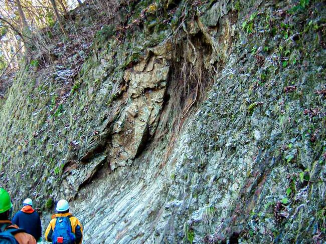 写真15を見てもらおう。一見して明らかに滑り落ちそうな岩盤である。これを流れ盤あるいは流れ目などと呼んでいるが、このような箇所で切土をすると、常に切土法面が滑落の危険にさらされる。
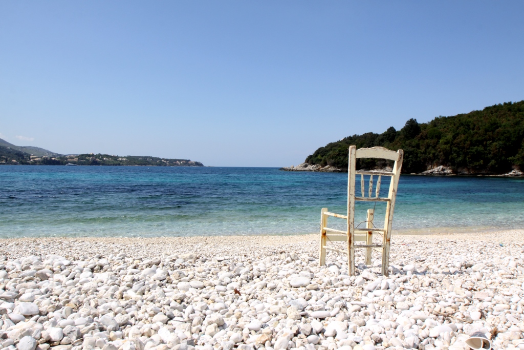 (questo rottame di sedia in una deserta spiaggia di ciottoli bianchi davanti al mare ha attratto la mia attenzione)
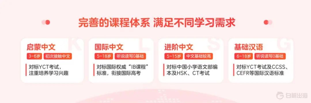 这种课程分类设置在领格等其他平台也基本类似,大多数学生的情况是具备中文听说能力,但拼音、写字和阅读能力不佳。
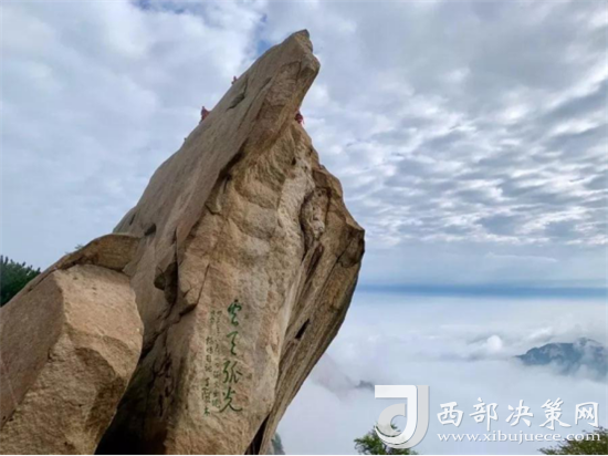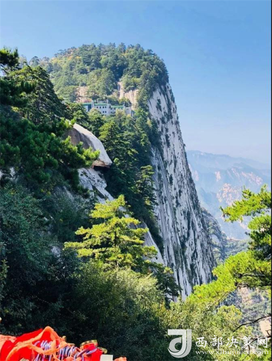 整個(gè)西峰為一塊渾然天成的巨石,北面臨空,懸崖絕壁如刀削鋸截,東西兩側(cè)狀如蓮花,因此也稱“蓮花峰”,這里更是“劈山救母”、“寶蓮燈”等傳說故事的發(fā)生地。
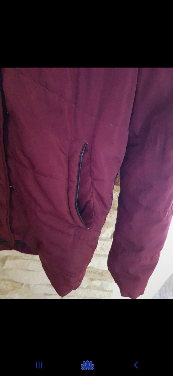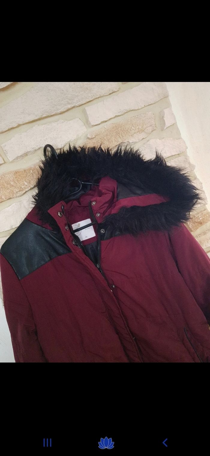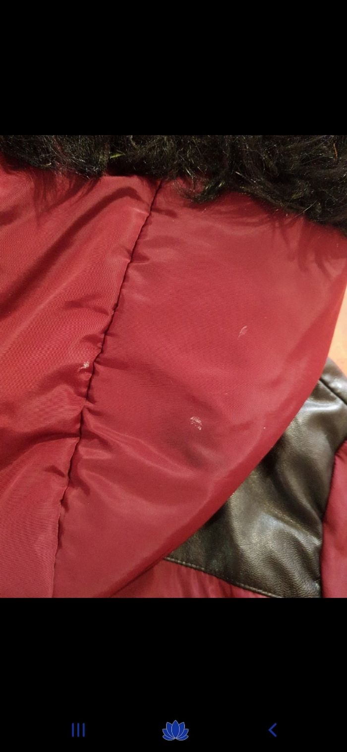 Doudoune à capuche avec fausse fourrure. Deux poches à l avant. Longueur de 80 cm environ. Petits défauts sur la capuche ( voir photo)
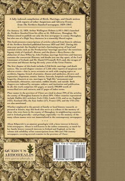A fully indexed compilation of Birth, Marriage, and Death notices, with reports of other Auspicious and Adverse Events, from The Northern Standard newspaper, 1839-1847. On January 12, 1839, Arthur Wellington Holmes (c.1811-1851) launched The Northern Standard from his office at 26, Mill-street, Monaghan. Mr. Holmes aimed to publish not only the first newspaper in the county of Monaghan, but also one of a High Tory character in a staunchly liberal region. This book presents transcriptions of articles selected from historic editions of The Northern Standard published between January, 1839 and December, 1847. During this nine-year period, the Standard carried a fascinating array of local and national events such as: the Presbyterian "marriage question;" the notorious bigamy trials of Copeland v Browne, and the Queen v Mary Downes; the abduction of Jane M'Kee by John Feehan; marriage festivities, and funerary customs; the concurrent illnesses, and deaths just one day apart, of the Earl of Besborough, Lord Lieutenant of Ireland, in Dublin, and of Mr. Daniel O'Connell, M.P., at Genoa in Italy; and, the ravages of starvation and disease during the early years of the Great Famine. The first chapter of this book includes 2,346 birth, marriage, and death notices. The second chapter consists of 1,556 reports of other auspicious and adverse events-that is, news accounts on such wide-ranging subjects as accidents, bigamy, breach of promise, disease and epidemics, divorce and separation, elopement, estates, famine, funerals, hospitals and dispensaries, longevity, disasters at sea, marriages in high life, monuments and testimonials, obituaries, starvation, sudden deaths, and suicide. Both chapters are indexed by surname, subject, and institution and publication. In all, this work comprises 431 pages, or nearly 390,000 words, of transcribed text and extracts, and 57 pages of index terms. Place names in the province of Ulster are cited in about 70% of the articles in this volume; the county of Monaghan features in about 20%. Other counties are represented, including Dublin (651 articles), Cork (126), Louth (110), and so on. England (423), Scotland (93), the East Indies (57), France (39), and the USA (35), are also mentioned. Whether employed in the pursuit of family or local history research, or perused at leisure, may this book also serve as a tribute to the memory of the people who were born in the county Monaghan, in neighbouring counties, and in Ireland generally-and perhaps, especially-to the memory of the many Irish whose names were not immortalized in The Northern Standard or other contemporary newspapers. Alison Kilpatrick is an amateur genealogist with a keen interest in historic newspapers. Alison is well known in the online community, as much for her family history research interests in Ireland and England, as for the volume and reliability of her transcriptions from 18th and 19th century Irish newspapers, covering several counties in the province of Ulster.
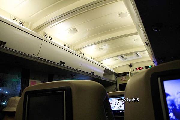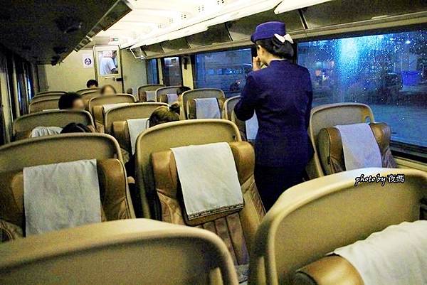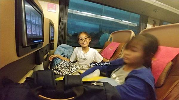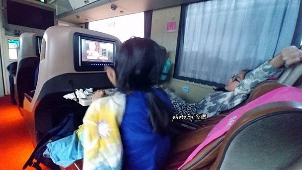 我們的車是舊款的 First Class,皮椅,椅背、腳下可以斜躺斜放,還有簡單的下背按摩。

------

## ACTION ITEM
Any picture found in the records stays out, while everything else is copied exactly.

## RESPONSE
 写真15を見てもらおう。一見して明らかに滑り落ちそうな岩盤である。これを流れ盤あるいは流れ目などと呼んでいるが、このような箇所で切土をすると、常に切土法面が滑落の危険にさらされる。
 (questo rottame di sedia in una deserta spiaggia di ciottoli bianchi davanti al mare ha attratto la mia attenzione)
 这种课程分类设置在领格等其他平台也基本类似,大多数学生的情况是具备中文听说能力,但拼音、写字和阅读能力不佳。
 整個(gè)西峰為一塊渾然天成的巨石,北面臨空,懸崖絕壁如刀削鋸截,東西兩側(cè)狀如蓮花,因此也稱“蓮花峰”,這里更是“劈山救母”、“寶蓮燈”等傳說故事的發(fā)生地。
 Doudoune à capuche avec fausse fourrure. Deux poches à l avant. Longueur de 80 cm environ. Petits défauts sur la capuche ( voir photo)
A fully indexed compilation of Birth, Marriage, and Death notices, with reports of other Auspicious and Adverse Events, from The Northern Standard newspaper, 1839-1847. On January 12, 1839, Arthur Wellington Holmes (c.1811-1851) launched The Northern Standard from his office at 26, Mill-street, Monaghan. Mr. Holmes aimed to publish not only the first newspaper in the county of Monaghan, but also one of a High Tory character in a staunchly liberal region. This book presents transcriptions of articles selected from historic editions of The Northern Standard published between January, 1839 and December, 1847. During this nine-year period, the Standard carried a fascinating array of local and national events such as: the Presbyterian "marriage question;" the notorious bigamy trials of Copeland v Browne, and the Queen v Mary Downes; the abduction of Jane M'Kee by John Feehan; marriage festivities, and funerary customs; the concurrent illnesses, and deaths just one day apart, of the Earl of Besborough, Lord Lieutenant of Ireland, in Dublin, and of Mr. Daniel O'Connell, M.P., at Genoa in Italy; and, the ravages of starvation and disease during the early years of the Great Famine. The first chapter of this book includes 2,346 birth, marriage, and death notices. The second chapter consists of 1,556 reports of other auspicious and adverse events-that is, news accounts on such wide-ranging subjects as accidents, bigamy, breach of promise, disease and epidemics, divorce and separation, elopement, estates, famine, funerals, hospitals and dispensaries, longevity, disasters at sea, marriages in high life, monuments and testimonials, obituaries, starvation, sudden deaths, and suicide. Both chapters are indexed by surname, subject, and institution and publication. In all, this work comprises 431 pages, or nearly 390,000 words, of transcribed text and extracts, and 57 pages of index terms. Place names in the province of Ulster are cited in about 70% of the articles in this volume; the county of Monaghan features in about 20%. Other counties are represented, including Dublin (651 articles), Cork (126), Louth (110), and so on. England (423), Scotland (93), the East Indies (57), France (39), and the USA (35), are also mentioned. Whether employed in the pursuit of family or local history research, or perused at leisure, may this book also serve as a tribute to the memory of the people who were born in the county Monaghan, in neighbouring counties, and in Ireland generally-and perhaps, especially-to the memory of the many Irish whose names were not immortalized in The Northern Standard or other contemporary newspapers. Alison Kilpatrick is an amateur genealogist with a keen interest in historic newspapers. Alison is well known in the online community, as much for her family history research interests in Ireland and England, as for the volume and reliability of her transcriptions from 18th and 19th century Irish newspapers, covering several counties in the province of Ulster.
 我們的車是舊款的 First Class,皮椅,椅背、腳下可以斜躺斜放,還有簡單的下背按摩。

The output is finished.